California NORML Report

    by Dale Gieringer, Ph.D. – Updated October 2009

Marijuana Legalization Could Yield California Taxpayers Over $1.2 Billion Per Year

    Additional Spinoff Benefits Up To $12 -$18 Billion
    While California struggles to address the state’s swelling budget deficit, the legalization of marijuana looms as an attractive way of raising revenue for the state.
    California NORML estimates that a legally regulated market for marijuana could yield the state at least $1.2 billion in tax revenues and reduced enforcement costs. A basic $50/ounce excise tax (roughly $1/joint) would yield about $770 – 900 million per year plus another $240-360 million in sales taxes. In addition, the state would save over $200 million in enforcement costs for arrests, prosecutions and prison.

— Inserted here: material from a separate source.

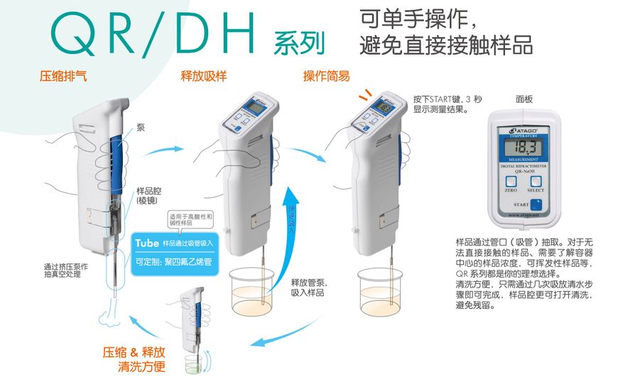 QR-NaHO 吸入式氢氧化钠折射仪可单手操作,避免双手接触样品液,适合危险样品及挥发性样品的测量。

Additional benefits would accrue from increased employment and spinoff industries. Total retail sales of marijuana could be on the order of $3-$5 billion, with total economic impact of $12-$18 billion including spinoff industries such as coffeehouses, tourism, plus industrial hemp.
    California NORML’s analysis of the benefits of marijuana legalization are as follows:
  • An excise tax of $50 per ounce of marijuana would raise about $770 – 900 million per year.

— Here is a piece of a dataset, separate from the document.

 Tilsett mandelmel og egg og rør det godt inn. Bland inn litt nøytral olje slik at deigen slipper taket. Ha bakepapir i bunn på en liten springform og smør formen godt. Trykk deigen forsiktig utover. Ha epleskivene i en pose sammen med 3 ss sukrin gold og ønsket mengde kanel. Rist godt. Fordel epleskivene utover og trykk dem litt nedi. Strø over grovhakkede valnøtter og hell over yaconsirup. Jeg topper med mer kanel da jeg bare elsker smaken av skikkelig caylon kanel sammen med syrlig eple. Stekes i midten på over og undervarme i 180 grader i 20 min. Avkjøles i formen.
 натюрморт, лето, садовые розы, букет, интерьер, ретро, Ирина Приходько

  • Retail sales on the legal market would range from $3 – $4.5 billion, generating another $240 – 360 million in sales taxes.

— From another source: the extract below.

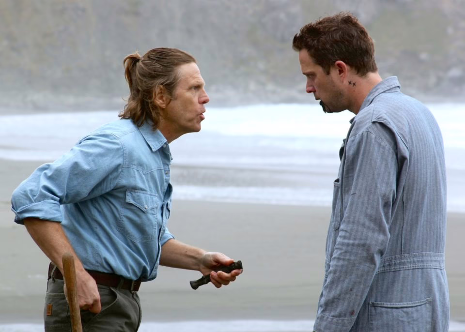 Sterling (Simon Templeman) terrorizes Bruce (Danforth Comins) on the Jefferson coast in BLACK ROAD.

  • Legalization would save over $200 million in law enforcement costs for arrest, prosecution, trial and imprisonment of marijuana offenders. Need for CAMP helicopter surveillance would also be eliminated.
  • Based on experience with the cigarette tax, total revenues of $1.5 – $2.5 billion might ultiimately be realized.
  • Based on experience with the wine industry, the total economic activity generated by legal marijuana could be nearly four times as great as retail sales, around $12 – $18 billion. Amsterdam-style coffeehouses would generate jobs and tourism. If the marijuana industry were just one-third the size of the wine industry, it would generate 50,000 jobs and $1.4 billion in wages, along with additional income and business tax revenues for the state.
  • Industrial hemp could also become a major business, comparable to the $3.4 billion cotton industry in California.